Some may call it “luck”, or “fate”; others might invoke “kismet”. But I know that the universe provides, and throughout my life, I have been fortunate to have been blessed by people Zan would refer to as “guides”.
Zan is Native American, and she looks the part. Tall, and lithe, she wore her black hair long and flowing until it got in her way, at which point she clipped it, haphazardly, atop her head. She came to work as a midwife one year after I was hired as office manager, and fortunately, my world has never been the same.
At the time we met, my life was a mess. My marriage to an alcoholic, drug-addicted, philanderer was nearing an end. Listening to Zan’s dulcet-toned words of support and encouragement, I came to believe that I could raise my children in a healthy environment on my own. Later, it was through her suggestion that I found an Adult Children of Alcoholics’ meeting, where I realized it wasn’t just me; there were others like me who had taken what life had served up, and done the best they could with the little they had been given.
When she wasn’t occupied with turning my life right-side-up, Zan taught me about Native American culture, herbology, and bred in me a love for wolves. She introduced me to Bonnie Raitt, fried bread, and the art of healing massage. Most important though, as she taught me to love myself, she demonstrated how that love could, and should, be spread. Zan grew me up.
She returned to her beloved horse farm in Virginia about fifteen years ago, and it has probably been five since I’ve seen her, but if she called right now, we would pick up exactly where we left off. Zan would start by saying “Hello, Beautiful…”
Some may call it “midlife crisis”, or “menopause”; others might just call me “crazy”. But I know that, lately, I’ve gotten off track. The self-esteem I worked so hard to bring to fruition got trampled somewhere, and I forgot to notice. Lost, too, was my sense of direction. But I remembered today that the universe provides, and while I haven’t always gotten what I wanted, I am always provided with what I need.
I realized the presence of another “guide” who, through words of support and encouragement, demanded I be true to myself, while tenaciously prodding me to find my path. For the first time in a very long time, I not only know what I want, I believe I can have it. Simply put, I want everything….
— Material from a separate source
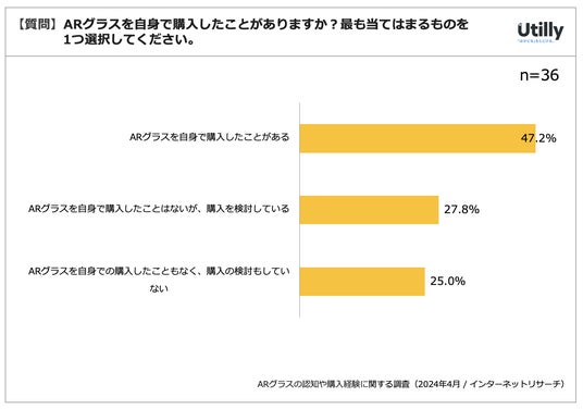 ARグラスについて「詳しく知っていて、説明することもできる」と回答した人のうち、47.2%が「ARグラスを自身で購入したことがある」と回答した。一方、25%は「自身での購入したこともなく、購入の検討もしていない」と回答した。

“I want to learn what life is for
I don’t want much, I just want more
Ask what I want and I will sing
I want everything (everything)
I’d cure the cold and the traffic jam
If there were floods, I’d give a dam
I’d never sleep, I’d only sing
Let me do everything (everything)
I’d like to plan a city, play the cello
Play at Monte Carlo, play Othello
Move into the White House, paint it yellow
Speak Portuguese and Dutch
And if it’s not too much
I’d like to have the perfect twin
One who’d go out as I came in
I’ve got to grab the big brass ring
So I’ll have everything (everything)
I’m like a child who’s set free
At the fun fair
Every ride invites me
And it’s unfair
Saying that I only
Get my one share
Doesn’t seem just
I could live as I must
If they’d
Give me the time to turn a tide
Give me the truth if once I lied
Give me the man who’s gonna bring
More of everything
Then I’ll have everything
Everything”

The goal leading to my latest psychological growth spurt was to better deal with a person with whom I must deal daily, and with whom I have constant difficulty. Isn’t that always the way? We almost never enjoin in any kind of spiritual or psychological journey because of some fault we sense in ourselves. We journey in an effort to relieve pain, to decrease stress, or to “fix” someone else.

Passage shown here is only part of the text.